I figured I’d also take a shot at explaining how I usually design systems.  

Please keep in mind that design is a highly creative process, so there are no right or wrong answers. What works in one case, may not in others. It is also highly variable based on the scale of the team, the project and the system. In smaller systems you can get away with cutting corners that are absolutely fatal in big ones.

I’ll answer this with respect to greenfield (new) software projects. Extending an existing system is similar, but considerably more constrained since you want all of the new pieces to fit in well with the existing ones.

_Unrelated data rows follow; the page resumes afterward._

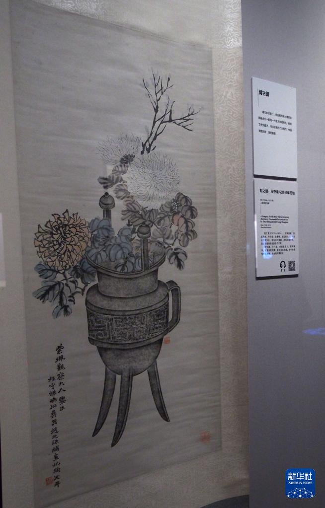 7月6日在上海博物馆展厅拍摄的《杞菊延年图轴》,系清代赵之谦、程守谦合作而成。
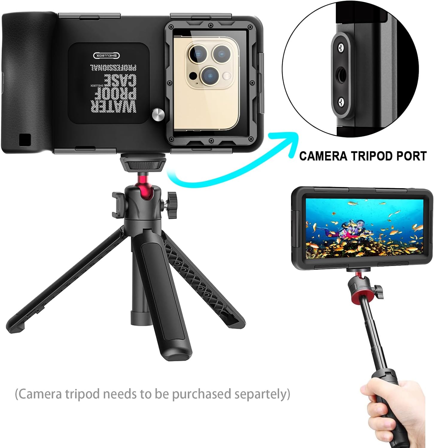 - Schnelleinrichtung: Setzen Sie Ihr Telefon ein und schliessen Sie den Koffer. Alles was Sie tun müssen,ist die Kamera oder das Video einzuschalten, bevor Sie unter Wasser sind. Das wasserdichte Gehäuse hat ein "Shutter" -Design. Um alle Details Ihres
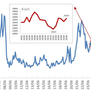 年初以来,国际航运市场整体费率呈反弹上涨趋势,但半年均值同比、环比均出现下滑。克拉克森海运指数从1月的21621美元/天上涨至6月的25453美元/天,涨幅达17.7%;但上半年均值为24191美元/天,同比、环比分别下滑4.9%、1.1%,整体市场仍呈震荡态势。全球经济复苏乏力直接抑制了航运需求预期,展望下半年,美国4月宣布的对中国以外的国家设定为期90天的10%关税基准期即将到期,美国反复无常的关税政策将更深远地影响全球航运市场,促使全球贸易格局和供应链深度重构。
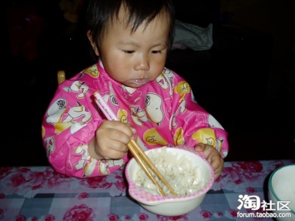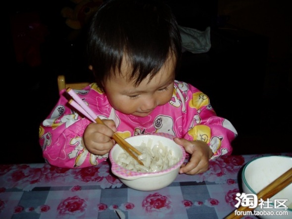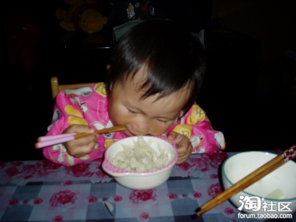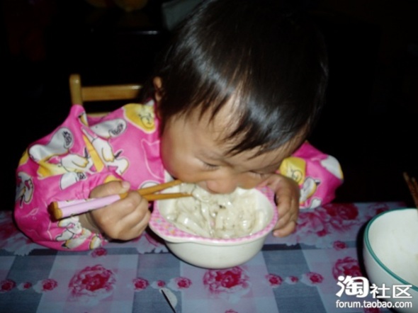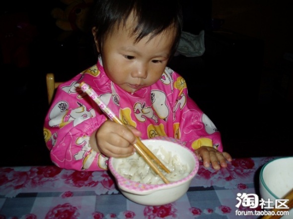 这么爱用筷子,今天索性给她买了一双小筷子,一来不用再跟我抢了,二来练习起来更省力。没想到小家伙第一次拿到自己的小筷子就吃得有模有样了,压根都不让我们碰她的小碗了,哈哈
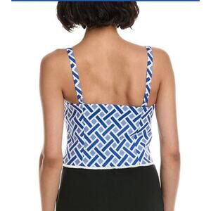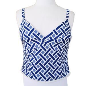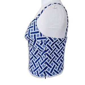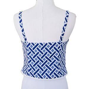 TRINA TURK Swian Crop Tank Top Size 6 Blue Lattice Luxe Resort Fringe
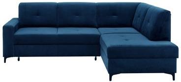 Miękka, welurowa tkanina w granatowym kolorze, lekka bryła oraz pikowane oparcia narożnika FOXY sprawiają, że salon lub pokój dzienny staje się elegancką wizytówką mieszkania. Granatowy narożnik pozwoli stworzyć nietuzinkową aranżację wnętrza, która wpisuje się w aktualne trendy. Ożywi wnętrze i będzie reprezentacyjnym akcentem w mieszkaniu, który przyciąga wzrok. Metalowe nóżki nadają mu lekkości, a dzięki niewielkiej szerokości możesz wybrać go nawet do małych mieszkań. Kolor tapicerki świetnie łączy się ze złotymi, białymi czy szarymi dodatkami. FUNKCJA SPANIA Narożnik jest wyposażony w mechanizm rozkładania typu delfin. Wystarczy wysunąć i podnieść za pomocą uchwytu stelaż, umiejscowiony pod siedziskiem. Powierzchnia spania wynosi 123x190 cm. POJEMNIK NA POŚCIEL W otomanie znajduje się pojemnik na dodatkową pościel, koce, czy inne tekstylia. WYKOŃCZENIE Siedzisko jest amortyzowane za pomocą sprężyn falistych oraz pianki. Narożnik obito miękką w dotyku tkaniną RIVIERA. Podstawą narożnika są czarne, metalowe nóżki.
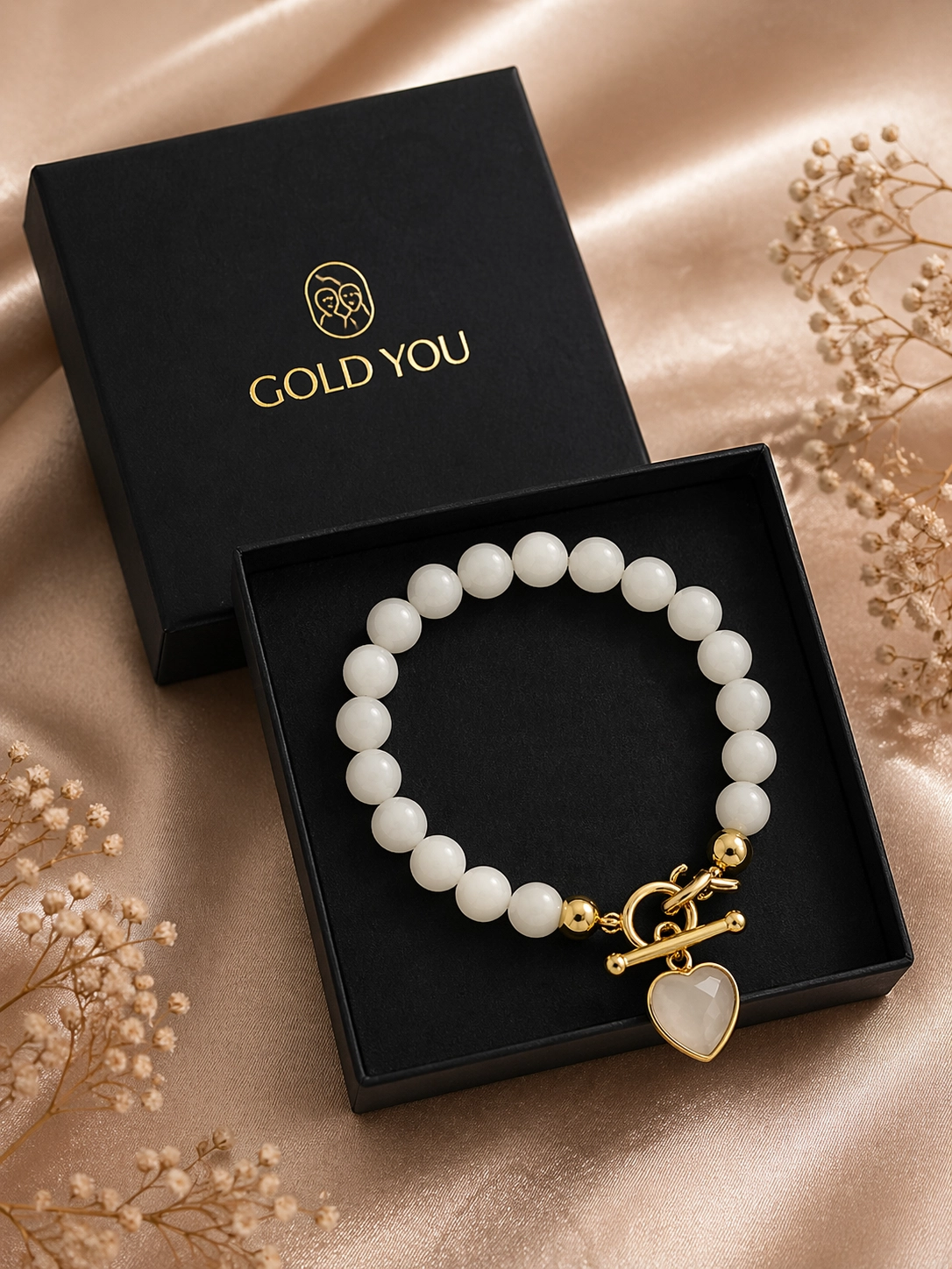Delikatna bransoletka wykonana z naturalnego jadeitu w subtelnym, mlecznobiałym kolorze. Gładkie, matowe kamienie tworzą harmonijną i elegancką całość, a złote detale z ozdobnym zapięciem i zawieszką w kształcie serca dodają jej wyjątkowego uroku.
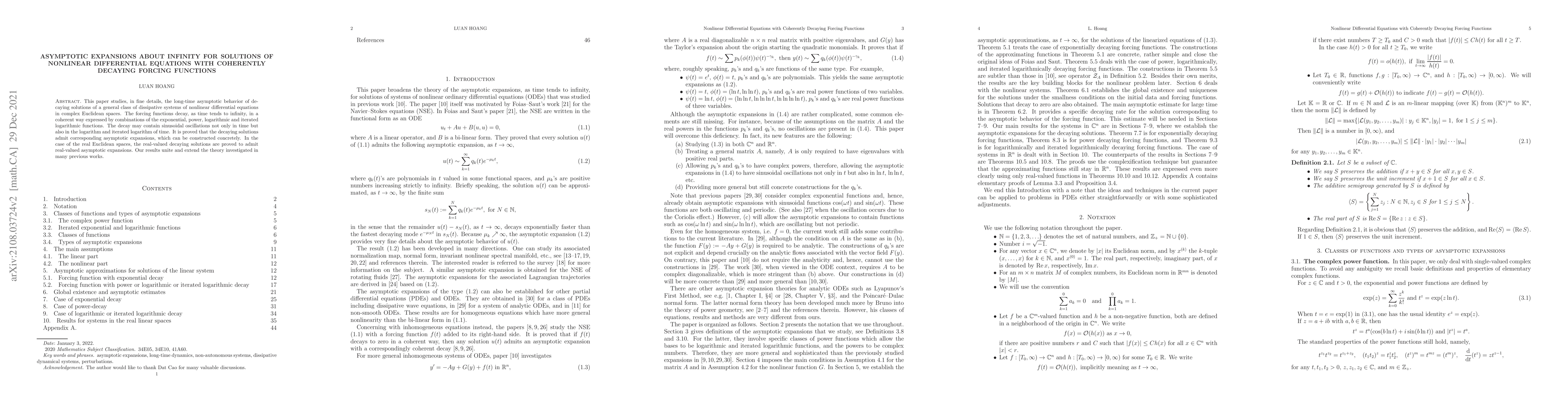 This paper investigates the long-term asymptotic behavior of solutions to nonlinear differential equations with coherently decaying forcing functions, proving the existence of corresponding asymptotic expansions. The study extends previous theories by incorporating complex and real-valued decaying solutions with sinusoidal oscillations in time and logarithmic terms.
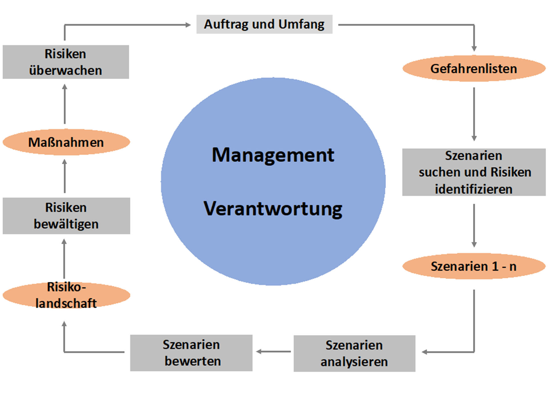 Ziel des Risk-Management-Prozesses (Abb. 1) ist nicht der Ausschluss und die vollständige Vermeidung von Risiken. Vielmehr sind Risiken mit dem Wirtschaften und jeder Geschäftstätigkeit verbunden. Risiken, also die Wahrscheinlichkeit, dass es aufgrund der Gefährdungsexposition zu Schäden für die Verbraucher kommt sowie deren Einflussfaktoren können sich ständig verändern. Daher sind Risikobewertungen immer nur zeitlich begrenzt wirksam. Vorhandene Risiken müssen rasch und effizient identifiziert werden. Die SAFEFOOD-ONLINE Datenbank ist eine wertvolle Hilfe bei der kontinuierlichen Identifikation und Steuerung von Risiken, um diese zu minimieren bzw. beherrschbar zu machen.
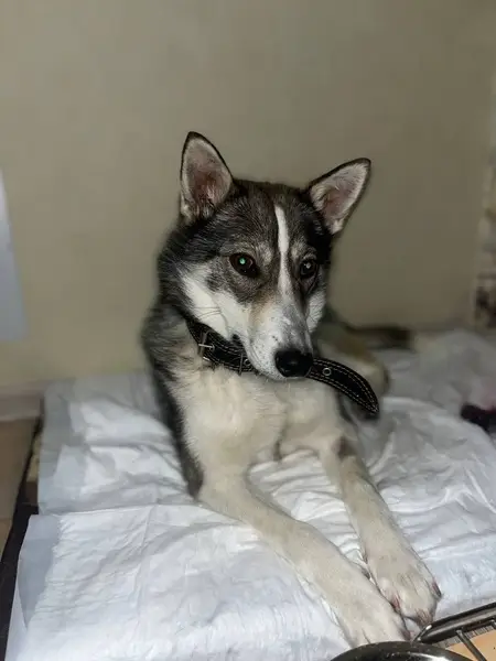 Найден шенок, метис хаски в районе Возрождения-Ярославская. Домашняя, с ошейником и рулеткой. Послушная, тянется к детям. Ищем хозяев, если не найдутся, в субботу будем пристраивать. тел. 50-10-26, ,
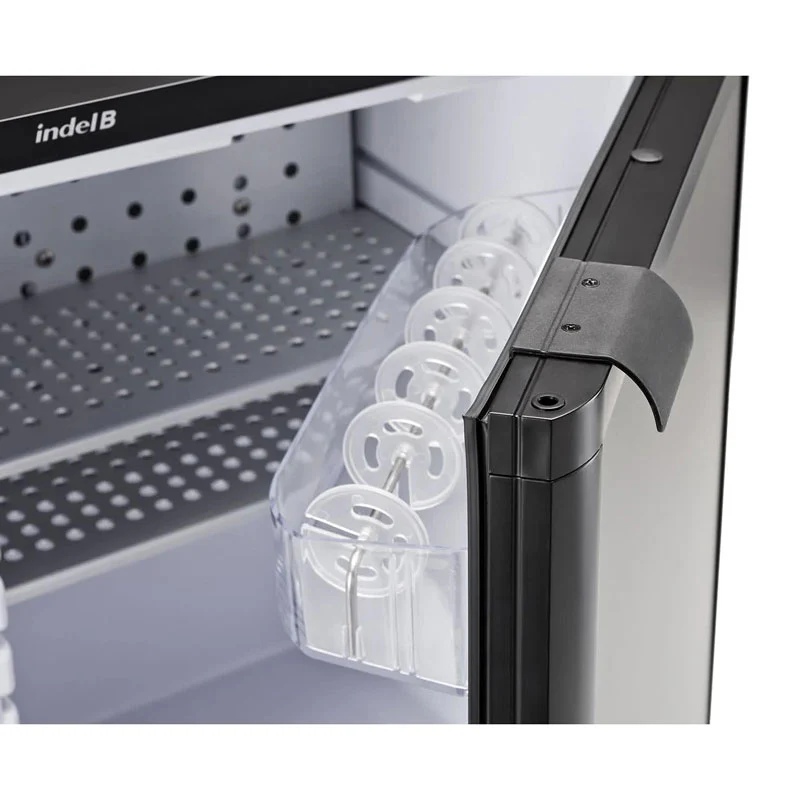 Indel B a été le pionnier en intégrant dans ses minibars à compression un système d’accumulation de froid innovant, qui utilise un compresseur de nouvelle génération associé à une réserve de froid gérée par un minuteur électronique. Ce système permet de réduire les consommations énergétiques, avec un minimum de 6 heures de fonctionnement du compresseur sur une période de 24 heures.
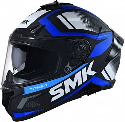 Full-face helmet with a compact & aerodynamic shell design appeals to sports tourers & daily commuters alike! The Typhoon range of helmets from SMK comes with industry-leading safety & comfort features. Enhanced with amazing graphics or plain solid colours, it gives you the option to pick one that matches your lifestyle! A complete ventilation system with vents on the mouth area, on the sides & top keeps you cool & comfortable on long rides. Original Pinlock® ready visor with an easy-to-use inner sun visor lets you enjoy your rides in total safety under all weather conditions. Features Multi-density EPS Chin vents Top vents Channelled exhaust vents Removable, washable, breathable, hypoallergenic lining Antistatic, moisture-regulating fabric Breath deflector Wind protection Quickly removable, scratch-resistant & UV-resistant visor Dual visor system, retractable sun visor Prepared for Pinlock® 70 disc Reinforced chin strap with microlock closure Speaker pockets Certified acco... ...
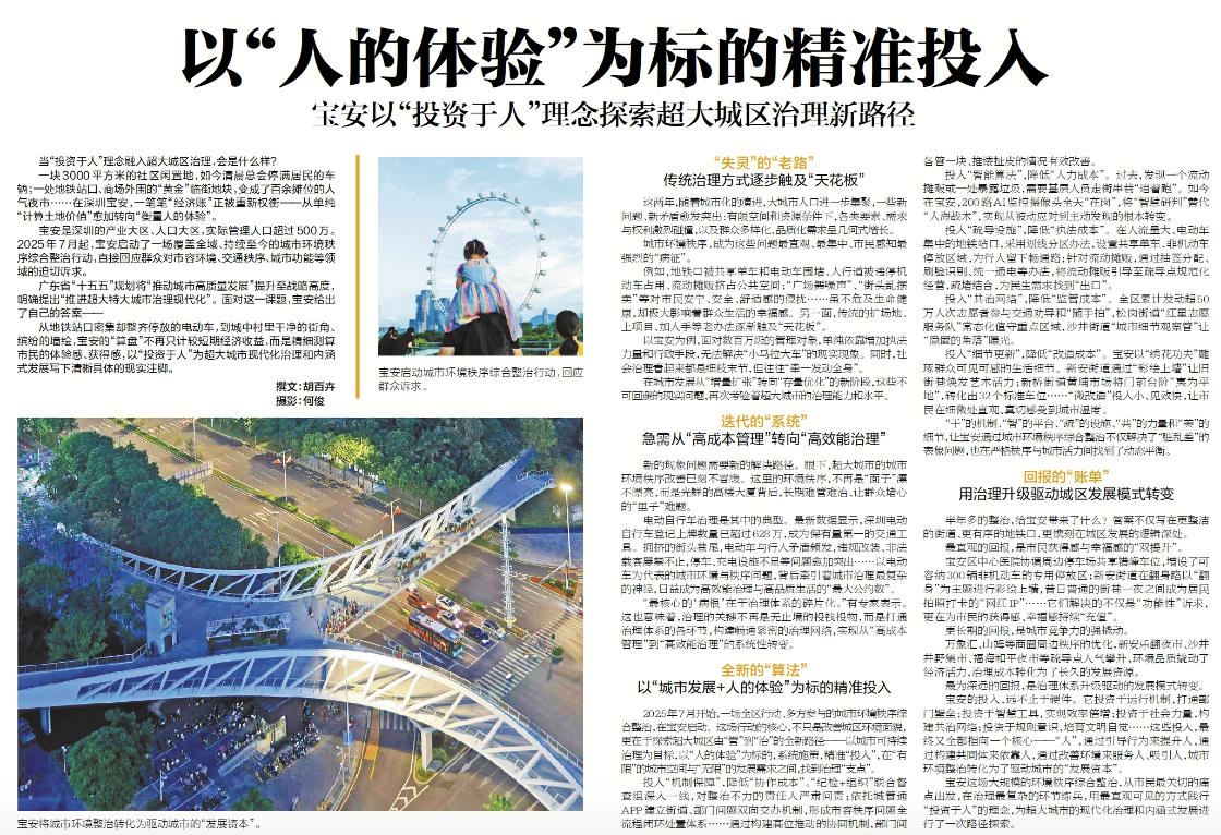 宝安的投入,远不止于硬件。它投资于运行机制,打通部门壁垒;投资于智慧工具,实现效率倍增;投资于社会力量,构建共治网络;投资于规则意识,培育文明自觉……这些投入,最终又全都指向一个核心——“人”,通过引导行为来提升人,通过构建共同体来依靠人,通过改善环境来服务人、吸引人,城市环境整治转化为了驱动城市的“发展资本”。
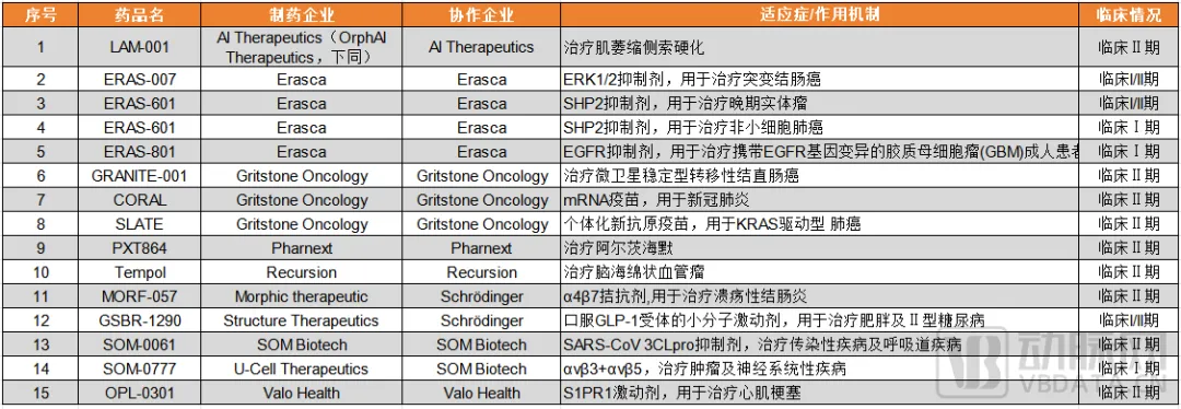 39家主流制药AI公司新增管线/适应症(资料来源:蛋壳研究院、动脉橙产业智库)

For context, I’ve been building systems for over twenty years. In the last 14 years they have all been web apps and have all been destined to be sold as commercial products. The domains have changed significantly, but even though they are directed at different problems the underlying architectures and design goals have been very similar. I like to build systems that are dynamic. By that I mean that they do not know in advance what data they will be holding, nor how will be structured. There is always some static core, but below that, the exact nature of the data depends what is added to the system as it runs. At the interface level I usually build in some form of templates or scripting (DSL), so that the users are enabled to highly customize their workflows. For data stores, I’ve done OODB, NoSQL and generic schemas. I prefer NoSQL style solutions, but RDBMSes are useful for smaller systems. I consider a system successful when a user can essentially create their own personal sub-system with its own unique schema, quickly and easily using only the GUI. If their work requires long delays, programmers or operations involvement then I’ve missed the mark.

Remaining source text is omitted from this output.